Adventures of Ashinator: The Great Goldfish Adventure

I'll set the scene for you. It's Friday April 2nd and I'm really not feeling like independent study would be beneficial today.

After US History I walked to my locker, innocently, as my best friend RyRy approached me. He asked whether or not I would be attending 2nd period or not. I asked what was up and he procceeded to open his locker and show me a bag filled with 50 live little feeder goldfish.
That was the moment I knew I was finally going to do something with my high school career.

Second period started and our friends all went to class, so RyRy put the bag of fish in his backpack and we walked anxiously toward our first victim. The San Juan bathroom. He headed into the boys bathroom and put a fish in every toilet and urnial, when he finished he walked out and we made the trade. He handed me his backpack and I handed him my purse. It was a good color on him. I walked into the bathroom and a fish in every toilet and I was on the last one when I heard this, "WHAT THE F***! THERE'S A F***ING FISH IN THE URNIAL!" I threw the last fish in the toilet and ran out in time to see a 6 foot tall African-American (to be politically correct) running out of the bathroom screaming.
RyRy and I clearly had to rethink our stragedy.
We left school and went to get some zip-locs so we could divide up the fish for a more smooth operation.
That's when we got the call from our pal, Krispen, "Hahahah! The janitors keep trying to flush the fish but they're just swimming back up the pipes!"
When me and RyRy got back we successfully completed our mission and put up the finishing touches. Posters that read, "SAVE THE GOLDFISH!"
And the Rocky student body did just that. They saved all the goldfish (with minimal casualties) and brought them to the library. The librarians had heard about the prank and took a fish bowl full of plants, dumped out the plants, and made a safe haven for the little fishies. They were even giving the fish away to students for pets!

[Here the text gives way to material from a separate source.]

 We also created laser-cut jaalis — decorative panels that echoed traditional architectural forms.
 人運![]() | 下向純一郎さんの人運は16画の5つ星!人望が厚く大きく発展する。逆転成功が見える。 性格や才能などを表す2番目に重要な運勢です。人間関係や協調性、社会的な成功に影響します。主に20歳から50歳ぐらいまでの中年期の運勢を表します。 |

So, overall, Friday was pretty successful. And, we didn't get caught, nobody even knew it was us. Until, of course, we got on facebook after school and bragged about it.

Goldfish prank=success.


Dual Mom said...

Ahhh Ashinator...I don't know whether to laugh or scold!

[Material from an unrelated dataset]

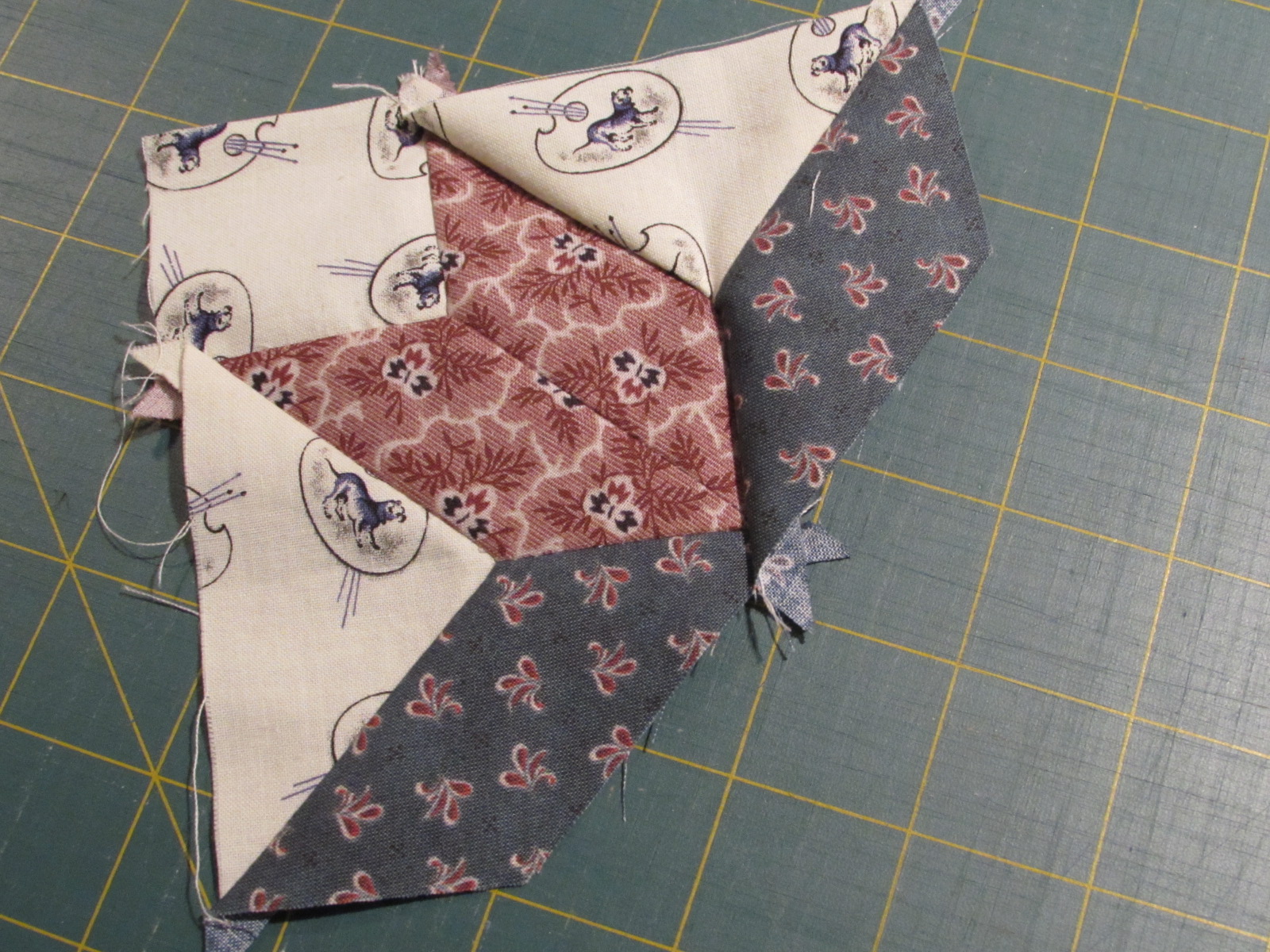Then the fourth unit is ... to be unstitched. It won't lay flat at all. It warps. ARGH!! So I restitched, and unstitched, and re-restitched and ... I examined the others, trying to find what I was doing differently. During the examination, I realized something. The block is to finish at 12.5 inches so each unit has to be 6.5, right? Well, they are not! WHAT???

I think I'll go with laughing!

GunDiva said...

And now the whole world knows thanks to Blogger :)

And I refused to excuse her absence for 2nd period that day.

But I think it's pretty freakin' funny.

Aunt Crazy said...

OMG that is GREAT! I'm so glad it worked and I'm cracking UP! I would have excused the absence but I'm gullible...LOL

I love Ashinator's posts!!!

Allenspark Lodge said...

Right on Ashinator! A prank that hurt nobody, yet created a common goal among the students (save the goldfish) and put some levity in the day at a time of year when boredom usually gets students in trouble. I'll bet the teachers are still laughing behind closed doors.
A Proud Grandma

Linda Medrano said...

Just terrible! And just awful! Terribly funny and awfully hysterical! LOL.

Mad Woman said...

I wish I'd had the guts to do something like that. Awesome. But tsk tsk for skipping class ;-) There, I feel like I've fulfilled my motherly duties.

Jennifer said...


Wish I'd think of cool stuff like that!!!

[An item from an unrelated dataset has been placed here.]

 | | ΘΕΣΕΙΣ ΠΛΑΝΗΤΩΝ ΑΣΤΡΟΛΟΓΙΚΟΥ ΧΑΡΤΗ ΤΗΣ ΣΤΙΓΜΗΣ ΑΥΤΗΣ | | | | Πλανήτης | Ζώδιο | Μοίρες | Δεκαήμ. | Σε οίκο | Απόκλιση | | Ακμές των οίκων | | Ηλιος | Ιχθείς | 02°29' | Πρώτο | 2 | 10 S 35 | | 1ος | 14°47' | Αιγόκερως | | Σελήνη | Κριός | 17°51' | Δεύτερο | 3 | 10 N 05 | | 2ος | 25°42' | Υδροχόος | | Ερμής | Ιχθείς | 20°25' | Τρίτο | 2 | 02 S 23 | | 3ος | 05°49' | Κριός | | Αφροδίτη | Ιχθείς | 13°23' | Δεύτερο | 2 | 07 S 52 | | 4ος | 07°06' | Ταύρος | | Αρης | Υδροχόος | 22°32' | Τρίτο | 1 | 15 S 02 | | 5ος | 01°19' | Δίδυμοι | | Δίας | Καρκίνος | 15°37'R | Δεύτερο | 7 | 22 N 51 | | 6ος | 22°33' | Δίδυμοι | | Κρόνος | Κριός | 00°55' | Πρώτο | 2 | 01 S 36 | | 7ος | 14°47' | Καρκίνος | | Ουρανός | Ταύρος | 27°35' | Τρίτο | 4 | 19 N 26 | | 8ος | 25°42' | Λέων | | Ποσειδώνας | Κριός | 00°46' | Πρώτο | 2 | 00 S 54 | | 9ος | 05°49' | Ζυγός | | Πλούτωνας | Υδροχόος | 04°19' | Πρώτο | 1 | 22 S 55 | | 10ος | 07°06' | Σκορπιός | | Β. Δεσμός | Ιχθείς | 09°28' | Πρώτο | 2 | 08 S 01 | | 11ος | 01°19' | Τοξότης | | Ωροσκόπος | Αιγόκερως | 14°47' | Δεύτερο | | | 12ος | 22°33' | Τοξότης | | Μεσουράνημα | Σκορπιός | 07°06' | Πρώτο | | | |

(Sorry GD,,, I'm sure I shouldn't encourage her, but this one is worth it.)

Anonymous said...

thats better than when the senior class let a bunch of chickens run around the high school!

Candance said...

Betcha Ashley wishes I was a teacher at her school cause if she was nice to me and brought me Diet Mt. Dew (in a bottle or a fountain drink), I would write a note saying she was in my class working on a project.

Then it would've been excused.

Not that I've ever done anything like that before, because that would be very bad teacher behavior.

Nor do I condone skipping class, even to play an awesome prank.

There. Does that restore some of my teacher credibilty.